*Assigned task:*
Leave out the pictures, and copy exactly the lines from the line with "This bingo card" through the last line of the data below.

########################################

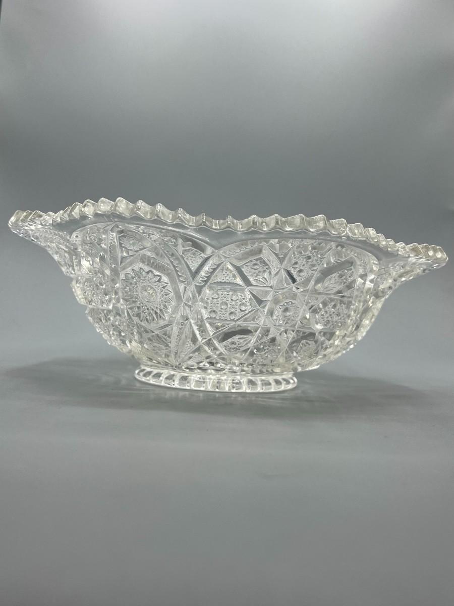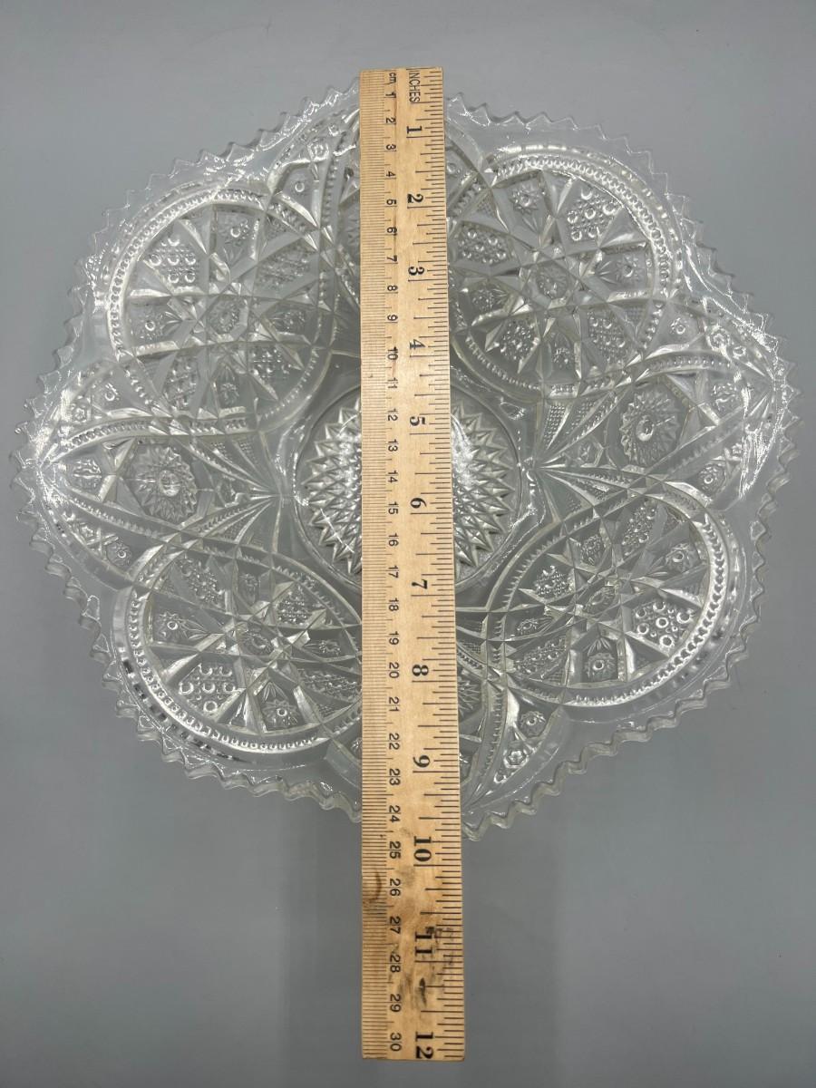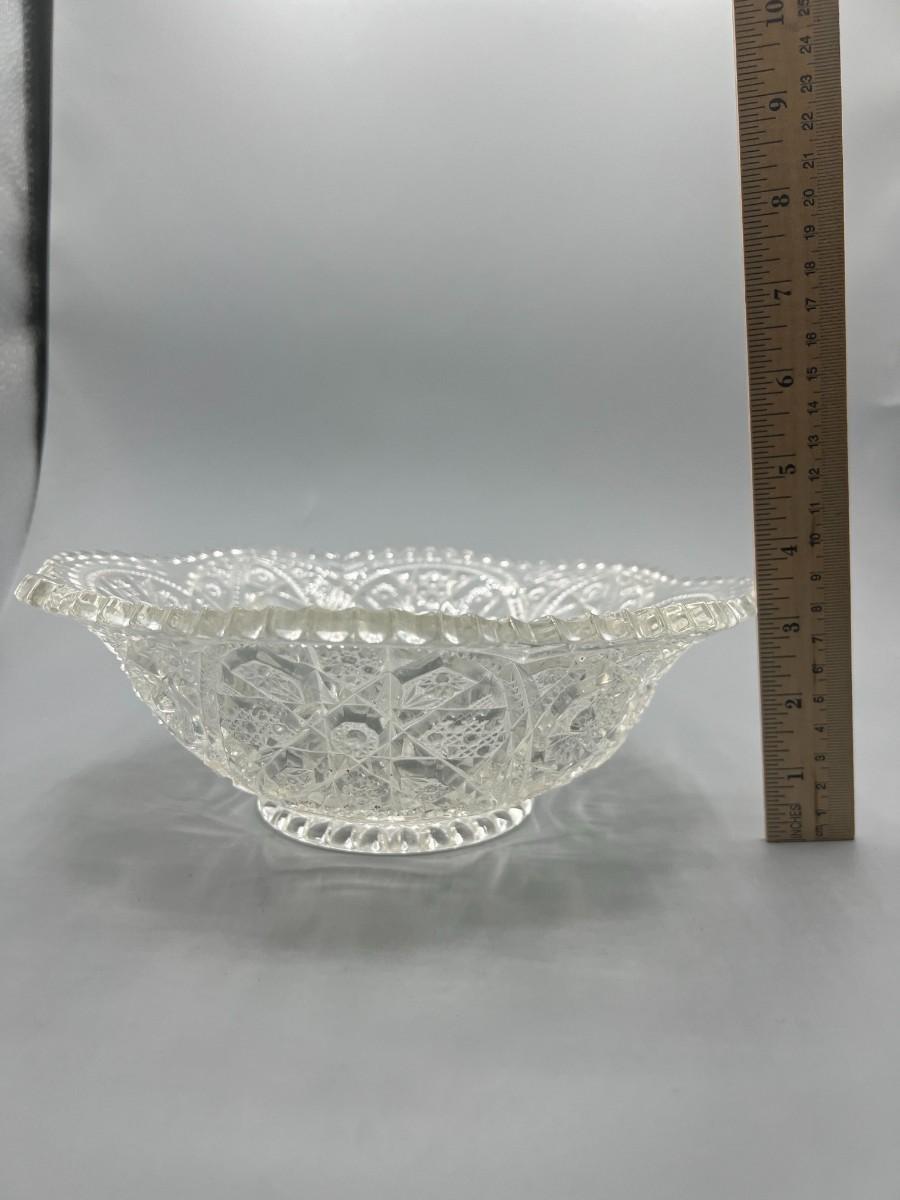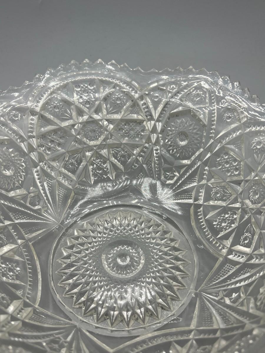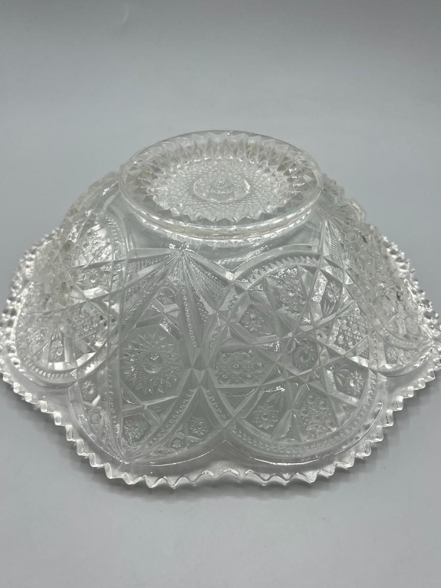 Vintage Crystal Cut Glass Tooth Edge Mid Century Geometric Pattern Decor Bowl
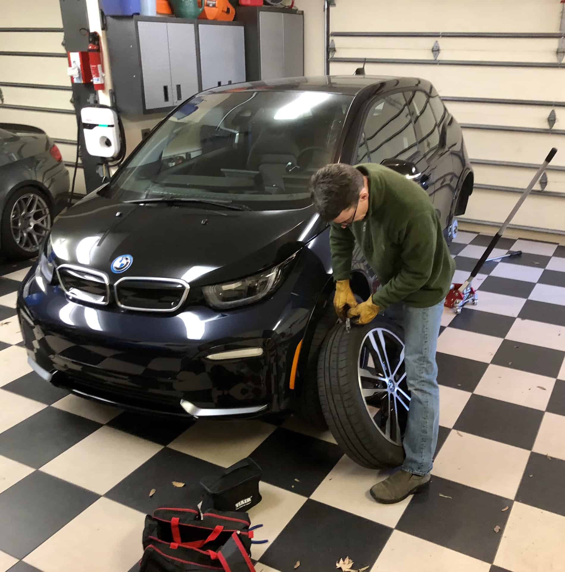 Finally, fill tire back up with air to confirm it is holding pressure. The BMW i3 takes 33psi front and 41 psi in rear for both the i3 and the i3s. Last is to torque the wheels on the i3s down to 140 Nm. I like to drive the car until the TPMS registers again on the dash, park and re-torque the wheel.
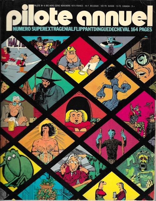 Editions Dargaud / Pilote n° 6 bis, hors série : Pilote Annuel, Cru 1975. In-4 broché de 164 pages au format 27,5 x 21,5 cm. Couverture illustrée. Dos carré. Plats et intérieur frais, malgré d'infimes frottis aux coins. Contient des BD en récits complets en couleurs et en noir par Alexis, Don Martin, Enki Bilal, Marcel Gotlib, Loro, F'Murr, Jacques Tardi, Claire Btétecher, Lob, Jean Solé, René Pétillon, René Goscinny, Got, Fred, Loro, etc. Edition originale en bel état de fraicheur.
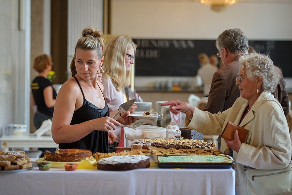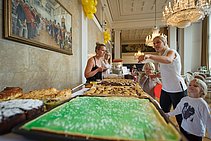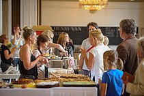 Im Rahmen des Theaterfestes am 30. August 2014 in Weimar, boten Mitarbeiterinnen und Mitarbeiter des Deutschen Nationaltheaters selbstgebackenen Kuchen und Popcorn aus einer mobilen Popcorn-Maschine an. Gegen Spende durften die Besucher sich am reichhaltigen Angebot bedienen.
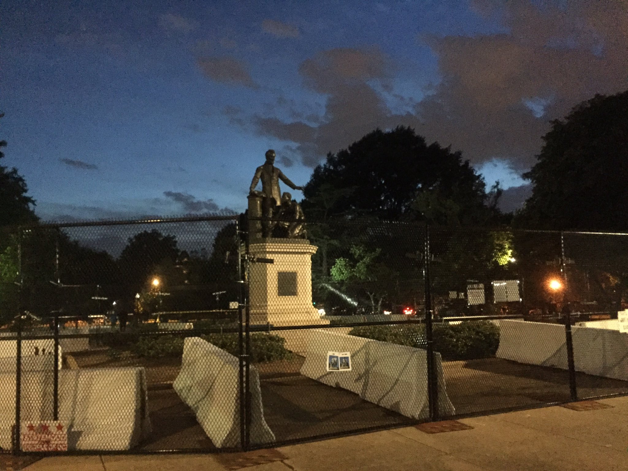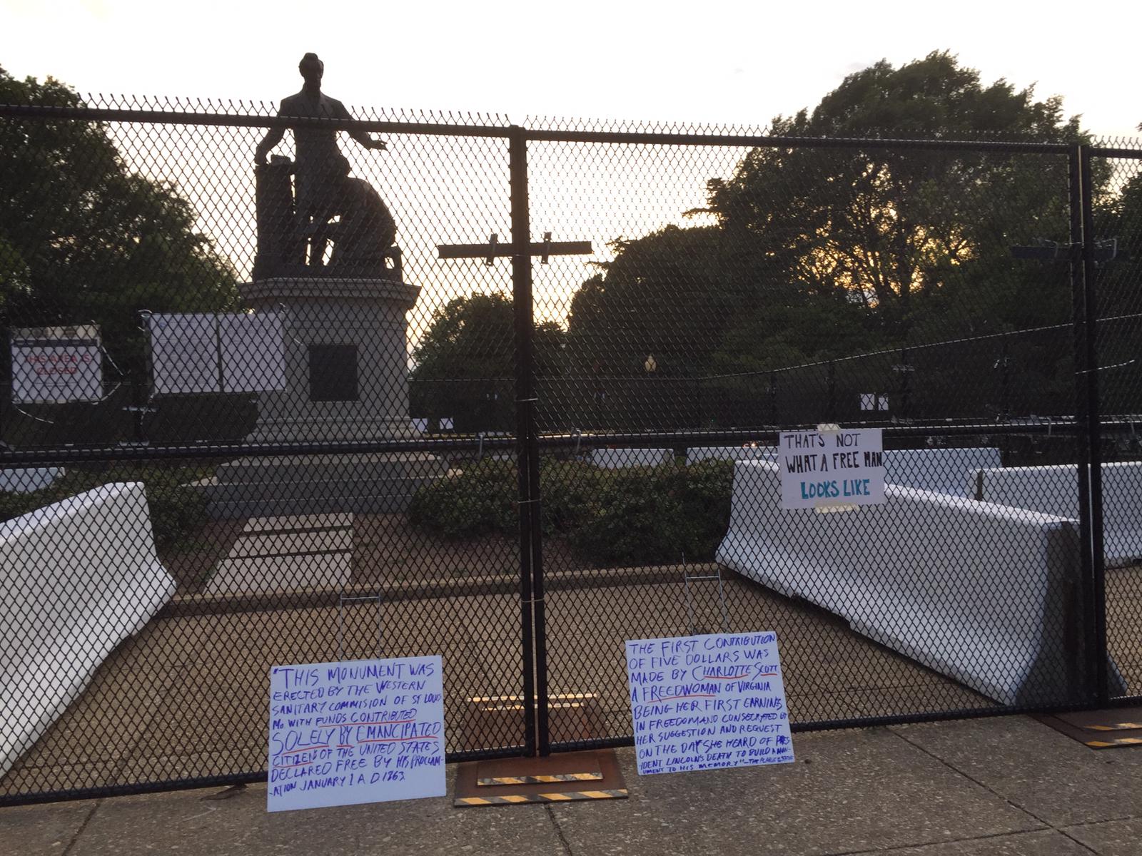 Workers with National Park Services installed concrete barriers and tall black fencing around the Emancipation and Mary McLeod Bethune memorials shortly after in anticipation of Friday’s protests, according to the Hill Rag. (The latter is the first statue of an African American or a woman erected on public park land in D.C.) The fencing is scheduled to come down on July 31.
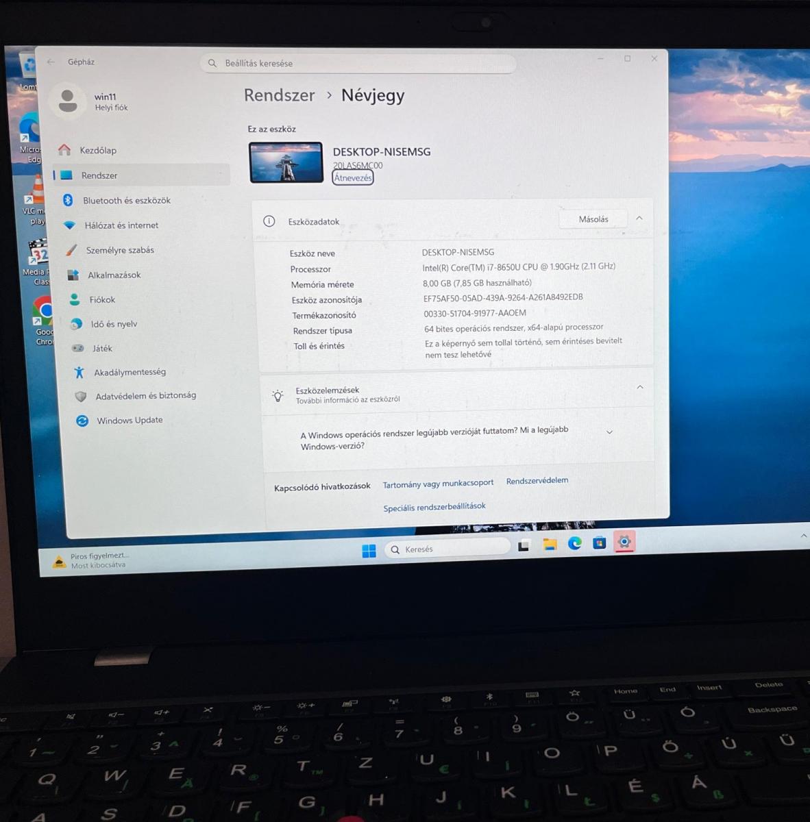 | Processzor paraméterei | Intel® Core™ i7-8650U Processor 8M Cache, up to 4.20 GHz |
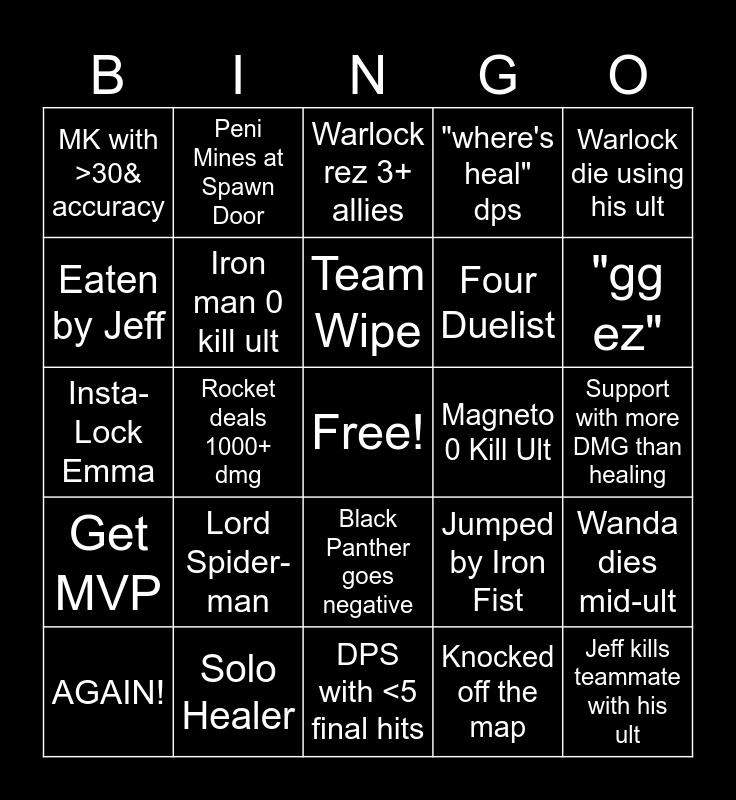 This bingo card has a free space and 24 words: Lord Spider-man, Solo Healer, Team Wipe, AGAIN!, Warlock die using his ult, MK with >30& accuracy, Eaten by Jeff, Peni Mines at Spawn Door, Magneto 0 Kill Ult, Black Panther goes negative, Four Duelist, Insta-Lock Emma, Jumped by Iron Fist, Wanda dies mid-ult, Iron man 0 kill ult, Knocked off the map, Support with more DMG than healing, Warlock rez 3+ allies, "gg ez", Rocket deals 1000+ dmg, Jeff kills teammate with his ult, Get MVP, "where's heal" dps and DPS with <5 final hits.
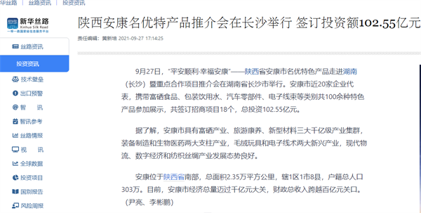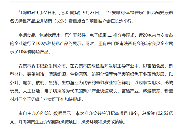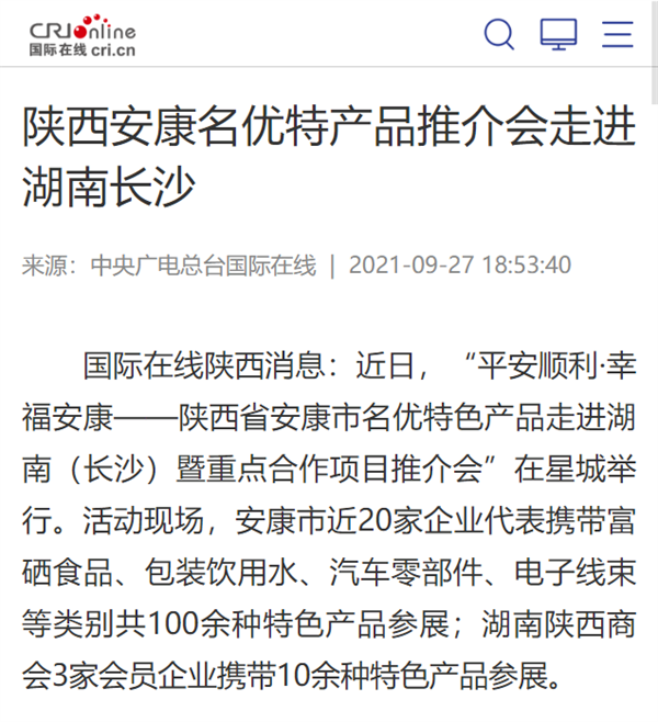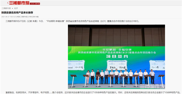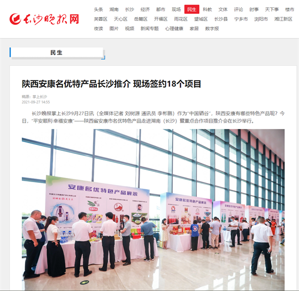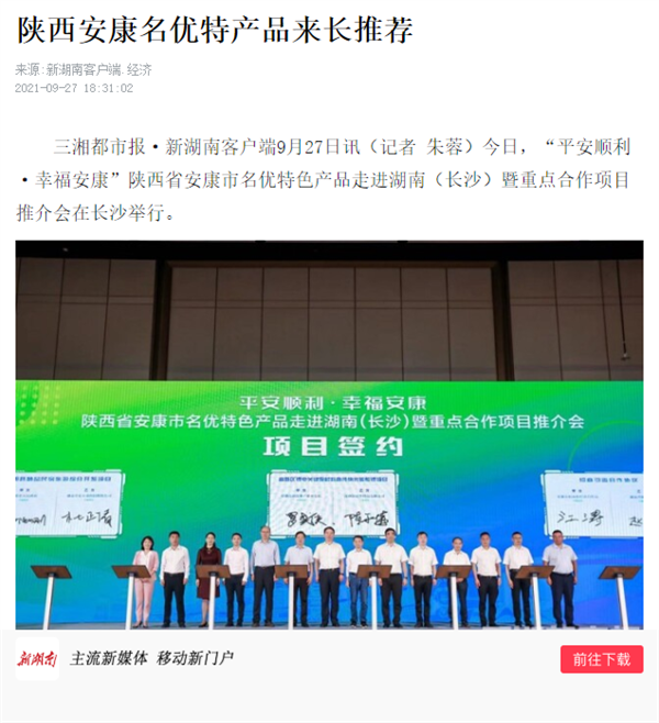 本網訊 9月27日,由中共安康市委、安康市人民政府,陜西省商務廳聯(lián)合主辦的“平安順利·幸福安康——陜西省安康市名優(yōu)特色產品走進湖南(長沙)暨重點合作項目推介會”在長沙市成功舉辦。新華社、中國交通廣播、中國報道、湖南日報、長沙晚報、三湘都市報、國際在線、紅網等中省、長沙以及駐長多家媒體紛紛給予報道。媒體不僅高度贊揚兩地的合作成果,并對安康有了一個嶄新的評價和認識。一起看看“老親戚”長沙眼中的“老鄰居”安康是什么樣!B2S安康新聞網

########################################

*Reply to the task:*
 This bingo card has a free space and 24 words: Lord Spider-man, Solo Healer, Team Wipe, AGAIN!, Warlock die using his ult, MK with >30& accuracy, Eaten by Jeff, Peni Mines at Spawn Door, Magneto 0 Kill Ult, Black Panther goes negative, Four Duelist, Insta-Lock Emma, Jumped by Iron Fist, Wanda dies mid-ult, Iron man 0 kill ult, Knocked off the map, Support with more DMG than healing, Warlock rez 3+ allies, "gg ez", Rocket deals 1000+ dmg, Jeff kills teammate with his ult, Get MVP, "where's heal" dps and DPS with <5 final hits.
 本網訊 9月27日,由中共安康市委、安康市人民政府,陜西省商務廳聯(lián)合主辦的“平安順利·幸福安康——陜西省安康市名優(yōu)特色產品走進湖南(長沙)暨重點合作項目推介會”在長沙市成功舉辦。新華社、中國交通廣播、中國報道、湖南日報、長沙晚報、三湘都市報、國際在線、紅網等中省、長沙以及駐長多家媒體紛紛給予報道。媒體不僅高度贊揚兩地的合作成果,并對安康有了一個嶄新的評價和認識。一起看看“老親戚”長沙眼中的“老鄰居”安康是什么樣!B2S安康新聞網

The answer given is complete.